By combining moves in various directions we obtain a whole host of conceivable theories. For example, we can go from Newtonian mechanics to special relativity via the relativization direction and then from relativity to quantum field theory via the quantization direction to get QFT (or maybe it should be relativistic quantum particle theory followed by a move in the "fieldization" direction to get QFT).

Some of the vertices of this cube turn out to me mathematically inconsistent, or are ruled out for physical reasons such as having negative energy states (c.f. the aforementioned relativistic quantum particle theory). Some of them are consistent, but uninteresting because the various limits they assume don't occur naturally in our universe, e.g. a quantum theory of Newtonian gravity. Other vertices represent theories that are good approximations to reality in various regimes, and way over in the opposite corner from Newtonian mechanics is the unified theory of absolutely everything (assuming such a thing actually exists).

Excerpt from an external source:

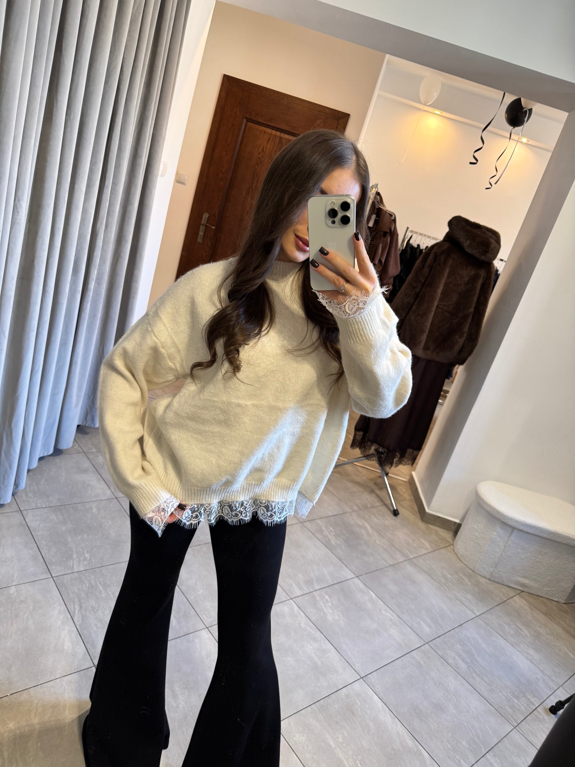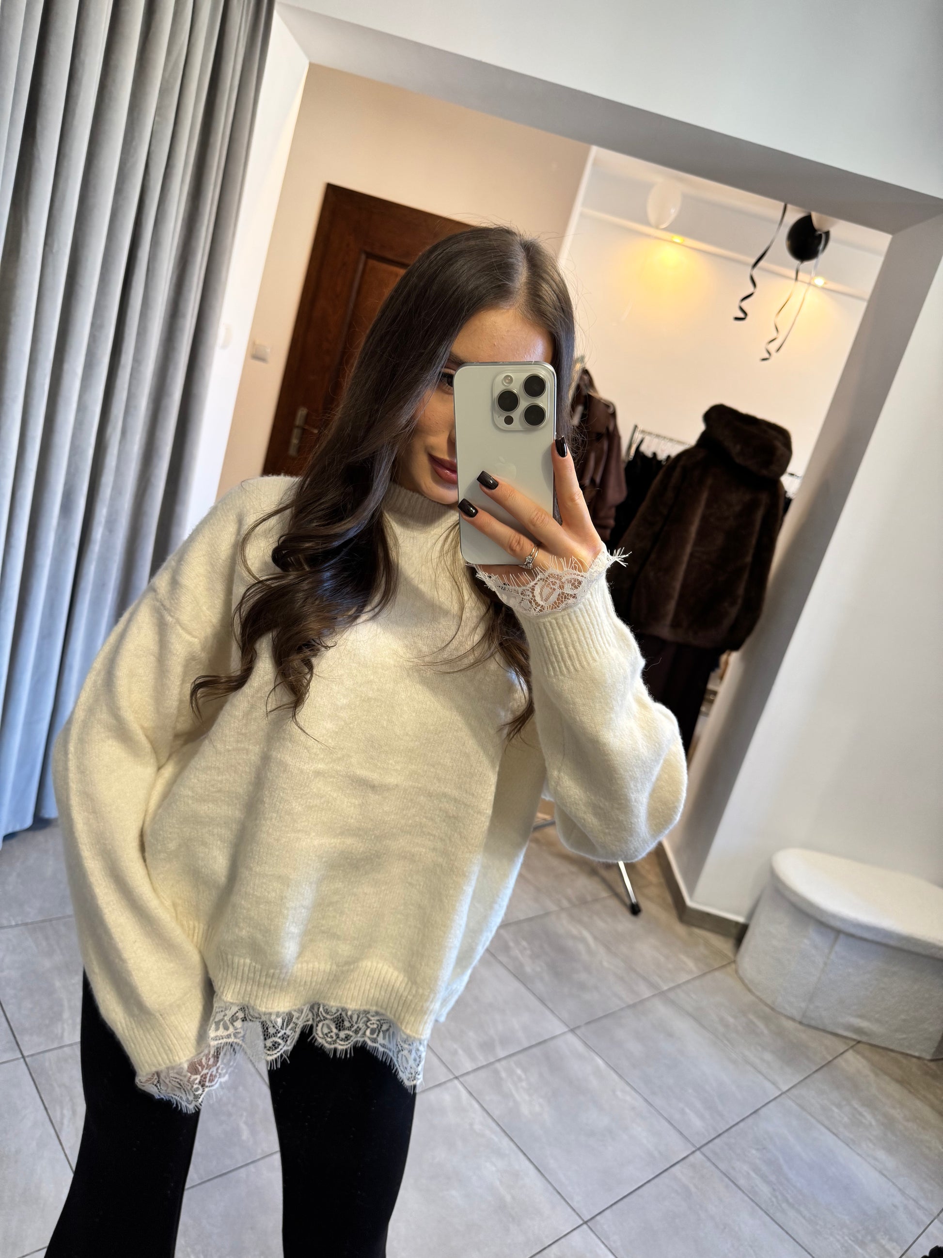 Sweter z koronkowym wykończeniem i dekoltem V na plecach – ecru elegance

The point of explaining all this is just so I can reinterpret the poll question as saying, "Which other direction on the hypercube is most like the quantization direction?". If I have to choose, I would say it is most similar to the probabilization direction, but it also has elements of genuine paradigm change that probabilization lacks. Therefore, it is like a large dose of probabilization with a little hint of something like relitivization.

However, the true answer is: fish, because, after all, the different directions on the cube are all orthogonal to one another.

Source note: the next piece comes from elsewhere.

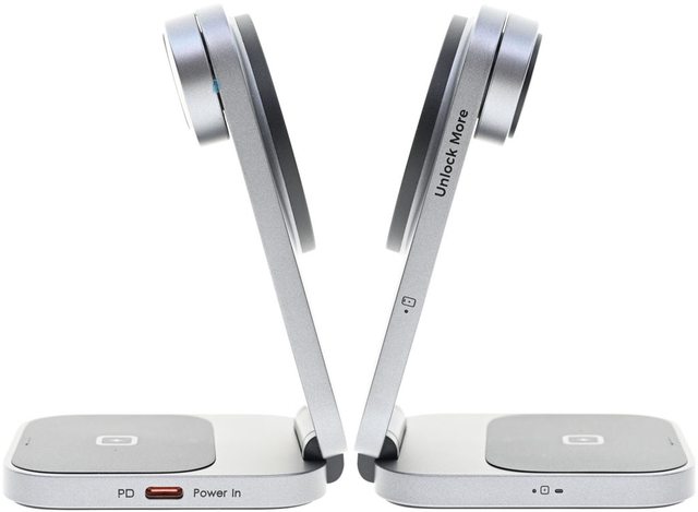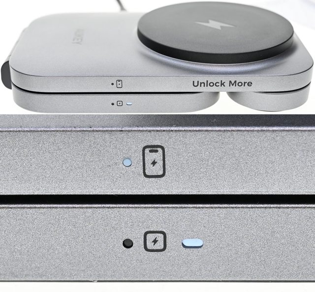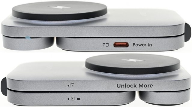 下),底座左側有USB-C PD電源輸入埠(橘色),底座及手機磁吸無線充電盤右側有指示燈

None of the answers given are really all that good. Arguments can be made for three of them (GR:Newtonian Mechanics, Stat Mech:Thermo, and TOE:Standard Model), but even those are a real stretch. Most of the others range from silly to "What are you smoking and where do I get some?" The last choice you offer, however, has a Zen-like attraction.

So by a much different line of reasoning I come to the same conclusion as Matt: the best answer is "Fish".

By Eric Lund (not verified) on 20 May 2010 #permalink

Hi, Matt,
Not bad. The comparability of conventional Probabilization with quantization stops short, as you know, at the difference between the sometimes negative Wigner function presentation of a quantum state and a positive semi-definite probability distribution over phase space as a presentation of a Liouville-type state, despite the otherwise rather good equivalence.

If one instead introduces algebraic presentations of quantum fields and of random fields, one can show them to be empirically equivalent, at least for the free (complex) Klein-Gordon field case, as I do in EPL 87 (2009) 31002, http://dx.doi.org/10.1209/0295-5075/87/31002 , http://arxiv.org/abs/0905.1263 . The algebras concerned are isomorphic, but the bridge principles between the empirical data and the abstract mathematics are somewhat different. FWIW, this introduces a somewhat subtle spanner in the works.

So, in terms of a theory not-quite-a-cube, "introducing a Lorentz invariant vacuum state over an algebraic presentation" of a quantum field or of a random field results in the same mathematical structure. Of course I've been working for some time on whether anything approximately similar can be said for interacting fields.

I suggest another direction for your theory cube relevant to quantization: contextualization, the ability to describe multiple experiments using a single state (and incompatible measurements).

The idea that QM:NM::SM:TD is to me almost perfectly wrong-headed, in that I could more happily vote for QM:NM::TD:SM, although the attraction of QM:NM::SM:TD for some voters is only to be expected. QM:NM::Fish.